▶ TASK ITEM: Copy the lines below exactly, starting at the one with "AULA F108pro (黑+灰+黄)" and ending at the one with "The most delicious", and leave out any picture.

▶ SOURCE MATERIAL:
———

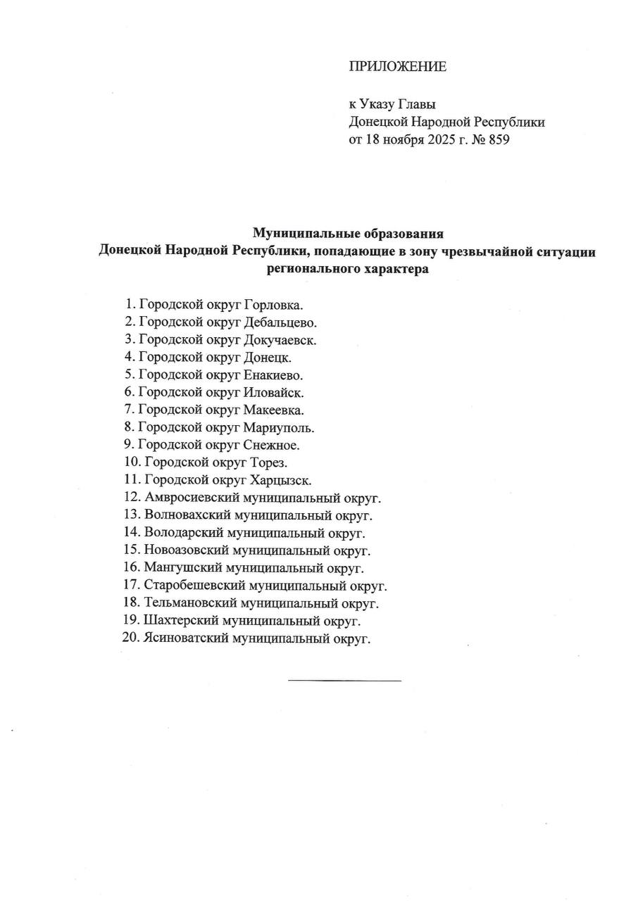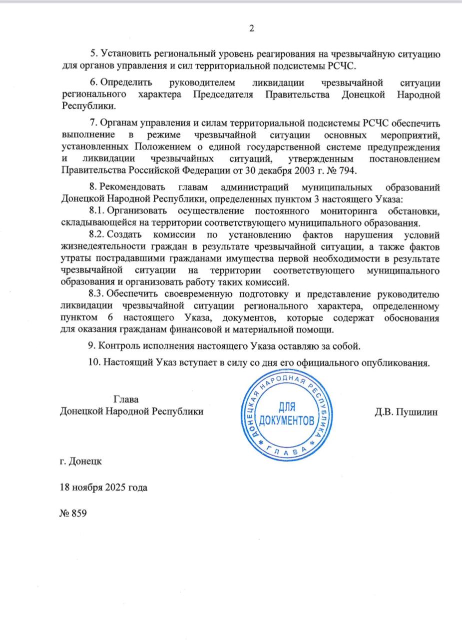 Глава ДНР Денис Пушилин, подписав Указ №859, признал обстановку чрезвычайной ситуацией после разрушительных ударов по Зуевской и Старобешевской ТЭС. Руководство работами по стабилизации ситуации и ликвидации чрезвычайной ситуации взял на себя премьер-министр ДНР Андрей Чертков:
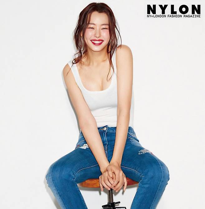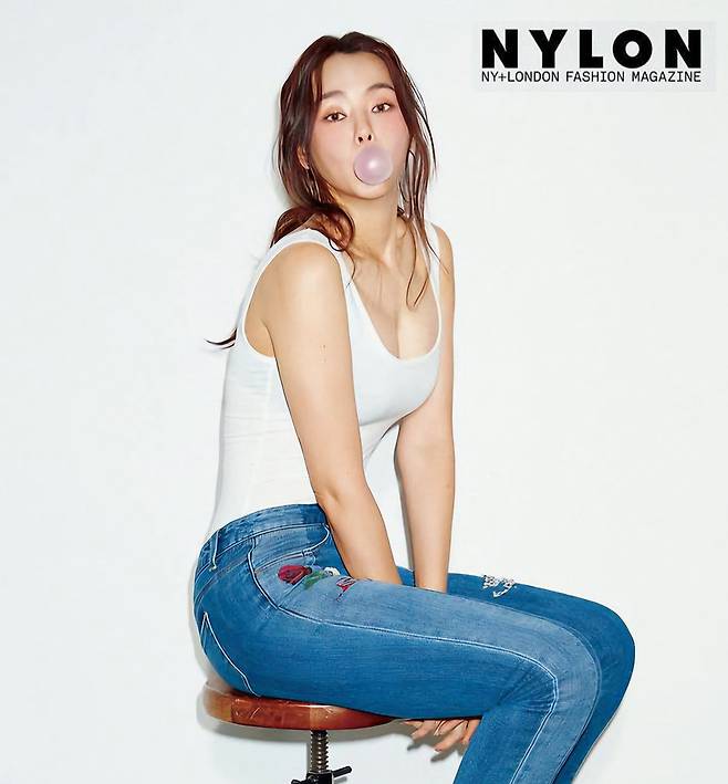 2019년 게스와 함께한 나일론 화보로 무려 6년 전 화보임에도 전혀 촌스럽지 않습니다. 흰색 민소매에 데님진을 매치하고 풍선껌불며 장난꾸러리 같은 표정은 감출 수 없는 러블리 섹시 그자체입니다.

———

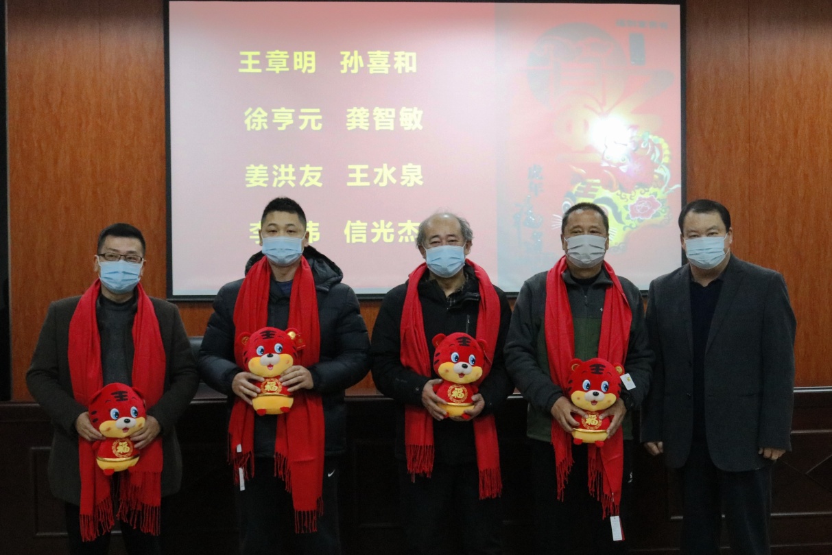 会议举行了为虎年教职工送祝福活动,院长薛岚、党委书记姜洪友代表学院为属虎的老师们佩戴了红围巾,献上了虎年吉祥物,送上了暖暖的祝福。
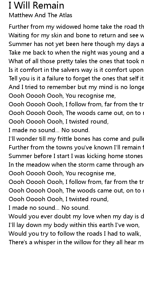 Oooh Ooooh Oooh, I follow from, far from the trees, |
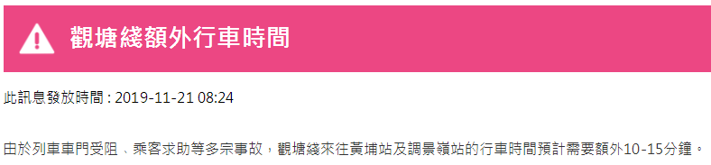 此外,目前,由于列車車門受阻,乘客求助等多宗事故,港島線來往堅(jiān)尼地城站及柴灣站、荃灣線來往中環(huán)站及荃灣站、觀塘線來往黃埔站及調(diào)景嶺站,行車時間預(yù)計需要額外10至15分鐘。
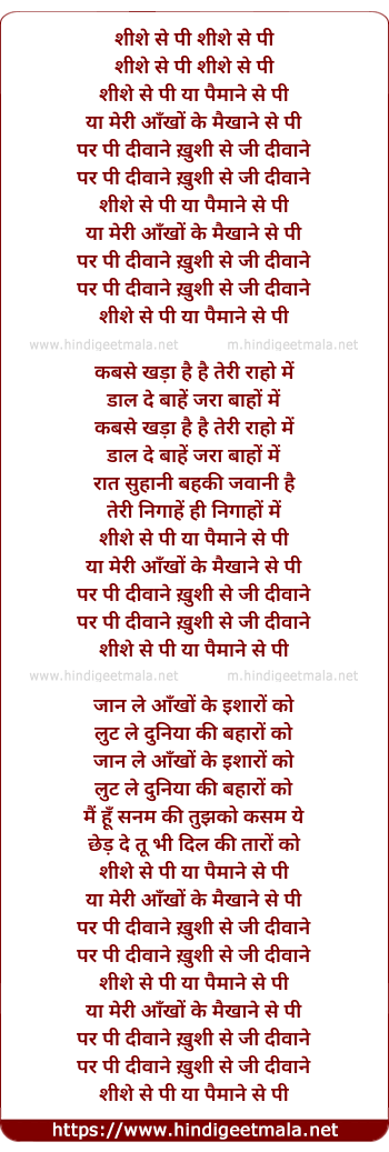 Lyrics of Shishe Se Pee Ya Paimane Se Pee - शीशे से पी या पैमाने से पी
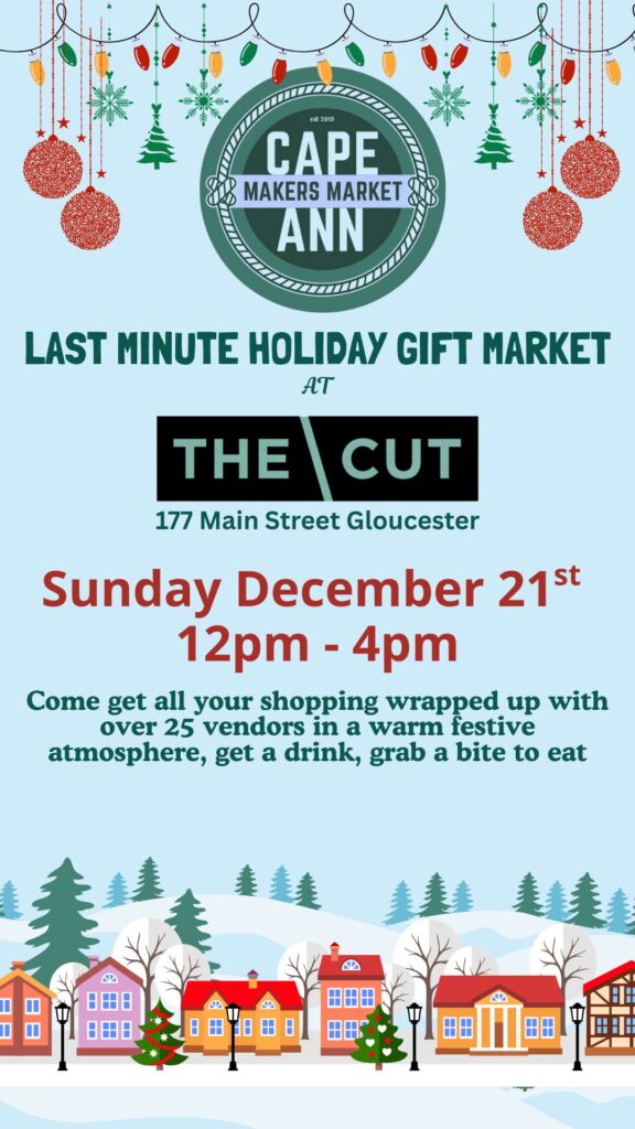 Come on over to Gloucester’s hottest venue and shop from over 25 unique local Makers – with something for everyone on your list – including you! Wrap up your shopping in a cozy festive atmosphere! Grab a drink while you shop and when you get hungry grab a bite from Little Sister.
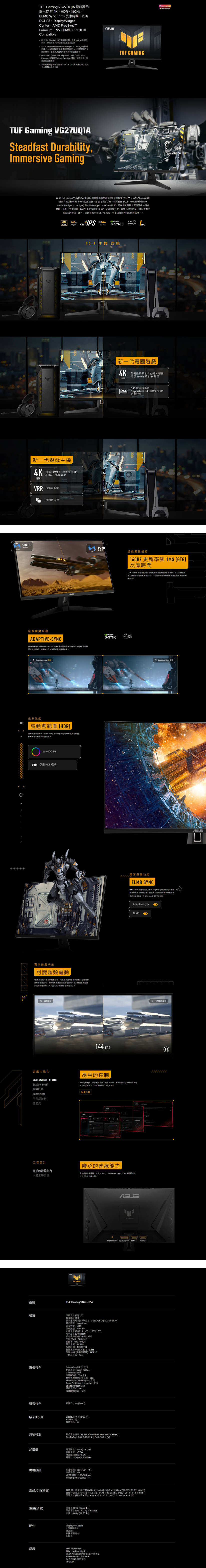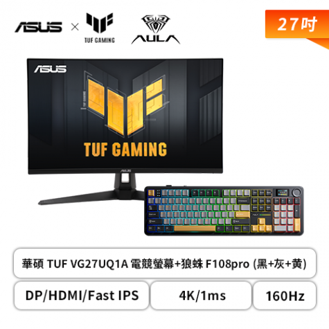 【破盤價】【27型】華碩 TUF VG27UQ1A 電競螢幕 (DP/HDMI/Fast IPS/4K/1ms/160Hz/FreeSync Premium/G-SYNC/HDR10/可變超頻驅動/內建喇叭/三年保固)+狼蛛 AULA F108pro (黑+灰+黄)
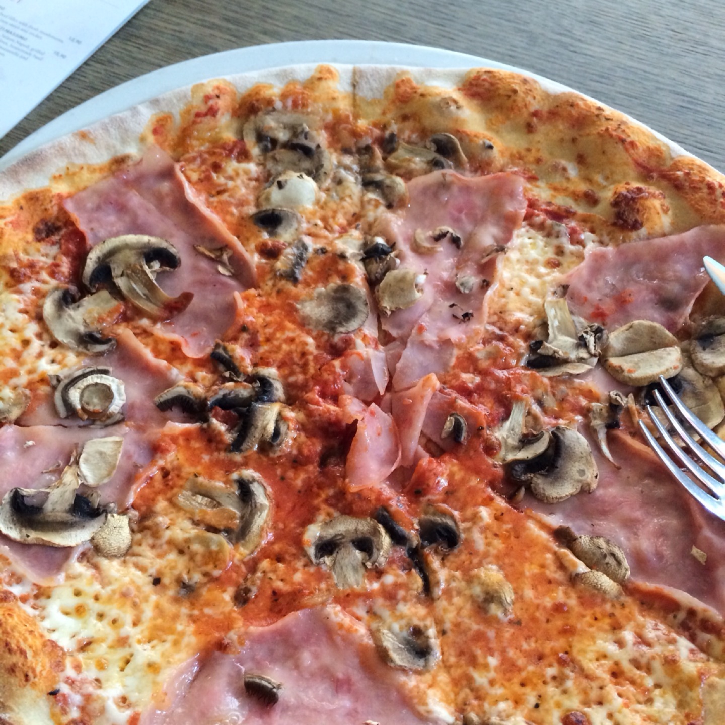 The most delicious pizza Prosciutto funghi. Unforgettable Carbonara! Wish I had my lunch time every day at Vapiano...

———

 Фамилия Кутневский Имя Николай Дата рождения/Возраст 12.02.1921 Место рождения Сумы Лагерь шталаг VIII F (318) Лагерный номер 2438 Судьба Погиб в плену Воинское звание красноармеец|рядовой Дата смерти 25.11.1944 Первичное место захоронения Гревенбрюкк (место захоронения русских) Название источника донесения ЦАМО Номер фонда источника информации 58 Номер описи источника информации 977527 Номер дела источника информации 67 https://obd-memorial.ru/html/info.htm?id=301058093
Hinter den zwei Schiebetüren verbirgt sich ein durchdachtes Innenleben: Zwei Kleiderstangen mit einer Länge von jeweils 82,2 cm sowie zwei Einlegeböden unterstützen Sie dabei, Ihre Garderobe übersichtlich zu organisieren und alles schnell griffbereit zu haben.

———

▶ WORKED SOLUTION:
 【破盤價】【27型】華碩 TUF VG27UQ1A 電競螢幕 (DP/HDMI/Fast IPS/4K/1ms/160Hz/FreeSync Premium/G-SYNC/HDR10/可變超頻驅動/內建喇叭/三年保固)+狼蛛 AULA F108pro (黑+灰+黄)
 The most delicious pizza Prosciutto funghi. Unforgettable Carbonara! Wish I had my lunch time every day at Vapiano...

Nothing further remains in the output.